Well...oh Hell. Suddenly, I was immensely grateful that I'd decided to take her notebooks with us, however useless they may have been in the big scheme of things. At least it was something. "Right, thanks Molly," I replied, embarrassed. "We'll uh...pick up some stuff for you along the way, first thing – I promise." Molly nodded, looking a little like a lost puppy looking for a hug. Hell's Bells, but I'm just not that guy. So instead, I went with the next best thing. "Go stand by the door, I've got a few things to get and then we're out. And grasshopper?" She looked up expectantly, and hell – the kid deserved it.
"You did good today. A little more polish, a bit more time with yours truly, and you're gonna make one hell of a wizard." I gave her a tight grin, but she absolutely beamed at the compliment. Beamed. Kids...who can figure them out?
I went into my cramped kitchen space, going over to my icebox. It's the real thing – again, with my... electricity accidents – complete with a giant block of actual ice. I hadn't been lying entirely, I did need to pick up a few things, namely the bottles of Mac's home brew I had left. He'd kill me if he found out I chilled them, and he'd kill me twice if he found out I'd left them behind when only taking 'valuable possessions.' Most importantly, as soon as I had two seconds to sit down and breathe, I couldn't think of anything I'd rather have. If I had to leave my local haunts for a while, I'd ration that beer tight...tighter than a stripper's jeans. And Hell's Bell's, I need to get out more...
"Bob" I hissed, "still up for being useful." A grumpy cough came out of the sack.
"I think we've exhausted any humor in that concept." Bob responded, a little peeved. "I am always useful. And...this sack scratches."
I rolled my eyes in exasperation. "I don't care about your itchy sack...oh, grow up. You wanna get out of there or not?" At the possibility of leaving the skull, Bob's titters stopped abruptly. "What's the deal boss?" he asked, the epitome of respect.
"Get inside Mister, make sure he gets in the car – I'm not leaving him to the goonsquad. Same rules as always, you get back in the skull when I tell you, and you don't alert Molly to your presence. Agreed?"
"Yeh, yeh, no problem boss. So...I have your permission to come out?" Bob asked, suddenly sounding a little giddy. "Yeah, with the conditions above, you have my permission." I responded. An instant later, a tiny orange spark flew out of the bag, zipping out and hovering for a moment around my head. "Think the little cupcake will be up for a game of pet the pussy?" his voice whispered, a strange experience coming from a being that now had no visible mouth.
"Bob" I growled, but he ignored me, streaking out of the room towards my thirty pound beast-cat. "Right then, time's a wasting." Without another thought, I went to the door to a waiting Molly and an oddly attentive Mister. Next to my door stood the last two things that were in any way useful.

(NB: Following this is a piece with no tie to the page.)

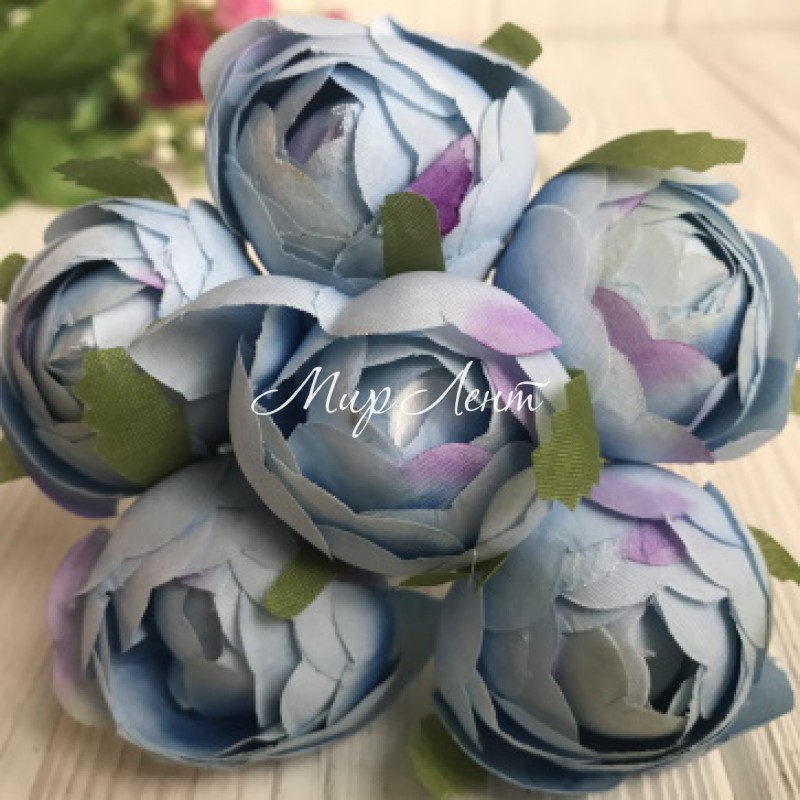 Півонія тканинний закритий, 4 см, блакитний, упаковка 36 шт.

The first was a sawed-off shotgun – for the first time I was thankful my halfbrother had a nasty habit of leaving illegal weapons out in the open whenever he left them at my place. The second, Fidelacchius, a Sword of the Cross that I had been appointed the owner of until I found another worthy to wield it against the Denarians. I let out a harsh laugh – only I could be the owner of the most powerful relics both sides sought, and accept neither. Too noble for my own good.
"Right, that's everything." I opened the door, and the three of us walked out into the night.